Now if I did'nt have a day job at Logical - having this hardware arrive on Monday afternoon, with a scheduled install in an internet co-location facility 1,700 miles away on the Friday of the same week, would be doable. A push, yes, but doable. But, unfortunately we have our customers to look after and that week was pretty busy around here - aside from the ongoing Community Advisorary Board (CAB) activity and trying to keep up with the OpenSolaris Pilot program and mailing lists that were becoming increasingly noisey as we approached launch.

We put off the planned Friday hardware install in Palo Alto, until Saturday, shipped out 3 of the machines for overnight delivery on Thursday and then shipped out the 4th V20Z and the Application Switch on Friday for Saturday (next day) AM delivery. You don't want to know what our FedEx bill looked like!

But everything did'nt go smoothly. In fact we got stymied by the Application switch configuration process. Now, you may already know this; but Load Balancers, as a class of tech toys, are complex devices. That is just the nature of the beast. But, unfortunately, moving from one load balancer to another is like moving from one country to another foreign one; almost everything you learned previously is instantly obsoleted - including the language. The terminology changes completely. The menu system changes; the order of configuration setup steps change. In short, you may even feel that your previous experience (with Foundry Networks ServerIron and Alteon Websystems (now subsumed by Nortel)) seems more like a curse, than a blessing. Again, that's the nature of the beast.

So I raised my hand for help (from Sun) on Friday around midday (Central Time). Yep .... that's a great time to ask for help! And finding the right person at Sun can be daunting, especially within such a large organization. It turns out that the N2120 Application switch is a product Sun acquired when they bought Nauticus Networks. It also happens, that the right person to help configure the switch was off getting married. How inconsiderate of him (just kidding)!

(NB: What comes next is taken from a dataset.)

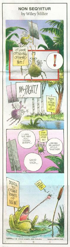 Cartoonist Wiley Miller should have left this strip on the Miller Genuine Drafting board. The strip promises to be "non sequitur", yet I am in fact able to trace a logically sound storyline and recognize the appropriateness of each element within. They should hire someone who actually knows the definition of "non sequitur".
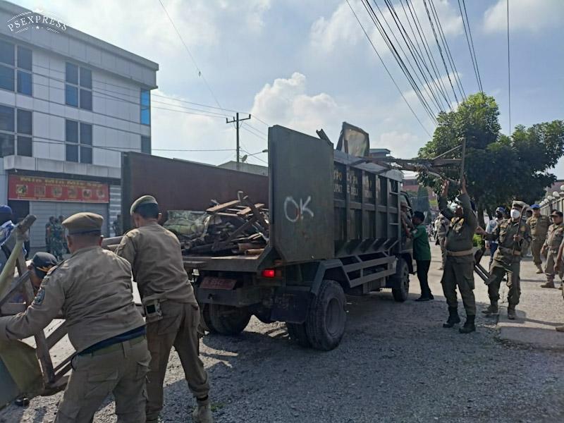 Para petugas mengangkut lapak daganan para PKL yang dianggap menggangu lalulintas di pinggir Jalan Selamat Ketaren tersebut.

So we shipped the switch in a state of less than digital nervana, overnight to Palo Alto and I was on the first flight on Saturday morning, departing from DFW (Dallas Fort-Worth) for San Francisco. The flight was great - the fun started after the plane landed. I had to check a roller-board type case, because it contained hand tools that would have been confiscated if I had tried to bring it onboard as carry-on baggage. It also contained a bunch of CAT-5 and CAT-6 ethernet cables - so it would very likely be given close scrutiny and hand checked.

After the flight landed at SFO, it took about 40 minutes for that bag to make it to the baggage area! Now you know why everyone uses carry on baggage and all the storage space inside the cabin gets exhausted on most flights. Next up: Budget car rental. The first thing that was easy to see is that the entire car rental area at the airpot was mobbed out. I stood inline for about 30 minutes, got the paperwork done and then the lady helping me had an argument with someone responsible for getting cleaned cars ready for pickup in the nearby parking garage. She slams down the phone angrily. Another woman cuts across me and speaks sternly to her asking her "Why do I have to wait for my car". The answer - because it had to be moved and cleaned. The woman looked at me and said "I don't know why I have to wait..." and hurried away still muttering. I guess she was in a rush to continue waiting. I asked if it would help if I could get a dirty car. "No" came the response; along with a look that told me to quit while I was still ahead. In the meantime I gave my ISC contact, Peter Losher, a heads up message that I'm going to be late at the Colo. He had already begun his drive there from his office, after I told him I was in the car rental line. I was driving out of the car rental garage about 50 minutes after first getting in line! How is that for service! :(

So I get to the CoLo in record time. It's possible, that I may have exceeded the legal speed limit on the drive there. Luckily I did'nt have a law enforcement officer confirm whether I did or did not. So I'll admit to the possibly only! :) I arrived at the CoLo close to 1:30 PM - a far cry from the 11:00 AM planned time. Here I met up with Ben Rockwood, the other person crazy enough to try to make the community site happen on such a tight deadline.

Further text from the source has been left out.